Что же до Анны и Исайи, то спустя 20 лет после ночной встречи, за год до смерти АА, они вновь свиделись в Оксфорде, где Ахматова получила диплом почетного доктора. Судя по воспоминаниям сэра Исайи, он смущенно выслушивал ее эгоцентричную и гиперболизированную трактовку их ночного свидания:

«Она добавила, что мы – то есть она и я – неумышленно, простым фактом нашей встречи, начали холодную войну и тем самым изменили историю человечества. Она придавала этим словам самый буквальный смысл и была совершенно в этом убеждена и рассматривала себя и меня как персонажей мировой истории, выбранных роком, чтобы начать космический конфликт. Я не смел возразить ей, сказать, что она преувеличивает воздействие нашей встречи на судьбы мира, потому что она восприняла бы это как оскорбление ее собственного трагического образа Кассандры – и стоящего за ним исторически-метафизического видения, которое так сильно питало ее поэзию. Она думала, что Сталин дал приказ, чтобы ее медленно отравили, но потом отменил его».

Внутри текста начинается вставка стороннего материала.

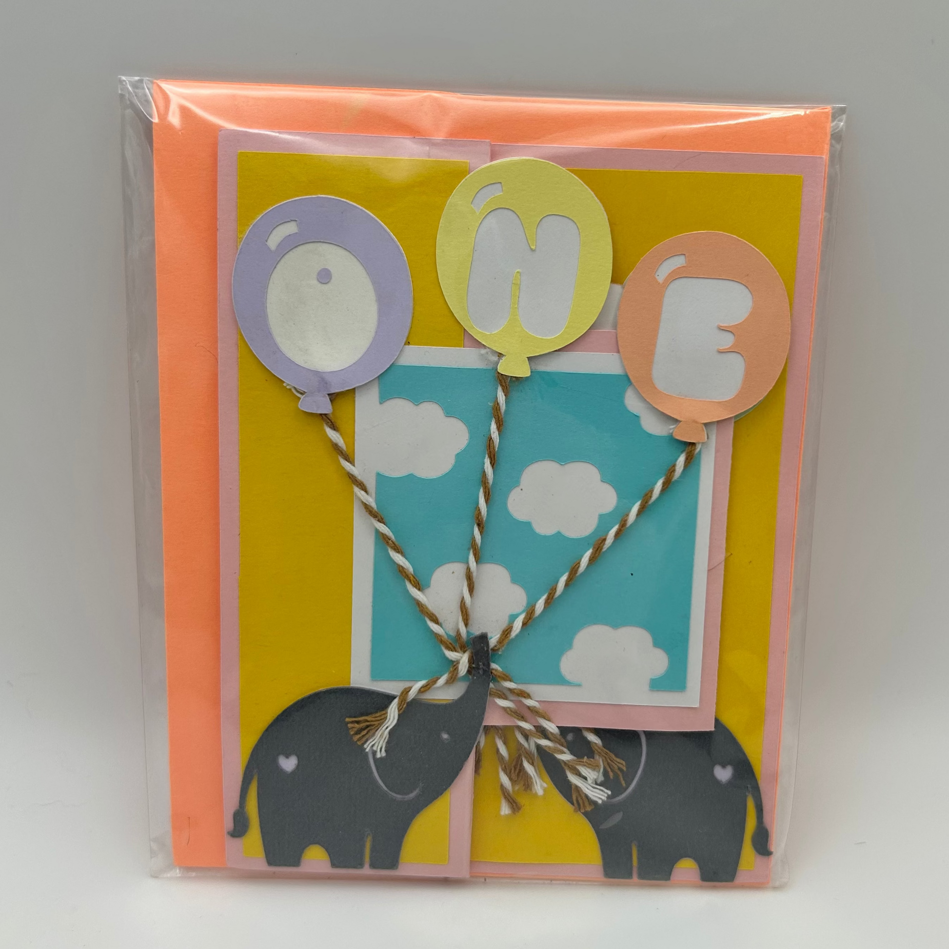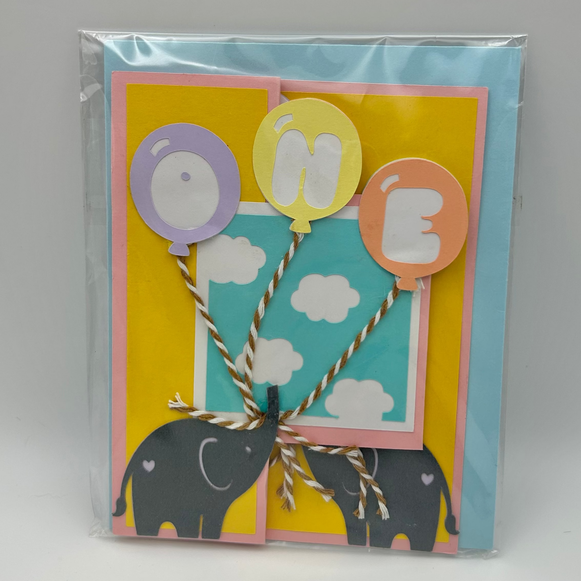 Pop-Up Birthday Card (for 1-Year-Old) features adorable elephants and balloons. Available with either a blue envelope or a coral envelope.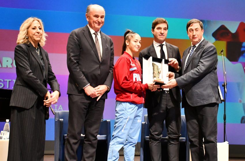 Applauditissima la campionessa del mondo e olimpica marchigiana rappresentante della Ginnastica Fabriano Sofia Raffaeli premiata con il Picchio d’oro 2025 dal consigliere regionale Renzo Marinelli, presidente della commissione che ogni anno conferisce il riconoscimento. “Sofia è una grande campionessa, ha già ottenuti risultati straordinari a livello mondiale e riesce sempre a farci emozionare – ha detto di lei Acquaroli -. Un motivo di orgoglio per tutta la nostra comunità, e sono certo, continuerà a regalare a tutte le Marche grandi soddisfazioni anche in futuro. Con il suo impegno quotidiano, la dedizione, la sua autenticità e semplicità, la capacità di coniugare un così grande lavoro allo studio, rappresenta uno stimolo per i nostri giovani: è un esempio da seguire con ammirazione. Oggi rafforziamo ancora di più il legame con il nostro territorio: tutta la nostra regione la accompagnerà sempre in pedana”.

Именно от Ахматовой сэр Исайя узнал апокриф о бешеной реакции Сталина на их неформальное рандеву: «Наша монахиня принимает иностранных шпионов…» – и дальше разразился такой бранью, мат-перемат, которую АА не решилась повторить. Исайя Берлин тут же оговаривается, что никогда не служил в разведке, и слова Сталина объясняются его патологической манией преследования. А если даже и был британским шпионом, разве он признался бы в этом?

Вот этот вопрос – был ли Исайя Берлин шпионом – кажется мне куда более важным, чем вопрос о его физической близости с АА, которая если и случилась, то по инициативе АА. Майкл Игнатьефф, британский писатель русского происхождения, в своей новой биографии Исайи Берлина говорит о его связях с Интеллидженс сервис глухо, невнятно, не ставя точку над «I». Вскорости, однако, у нас здесь вышла книга Питера Финна и Петры Куве «Th e Zhivago Aff air: The Kremlin, the CIA, and the Battle over a Forbidden Book». Еще до ее выхода издательство прислало galley-proof, по которой я ее рецензировал для нью-йоркских СМИ. Чрезвычайно интересная по информативности книга – секретные меморандумы ЦРУ о распространении запрещенного «Доктора Живаго». Она стоит отдельного разговора, а пока что о роли Исайи Берлина в контрабандной переправке рукописи романа за кордон.

На основании частично рассекреченных документов ЦРУ там говорится, что некий непоименованный сотрудник британской разведки сделал микрофильм с романом Пастернака. Далее упомянуты поименно несколько человек, которые могли передать рукопись за границу.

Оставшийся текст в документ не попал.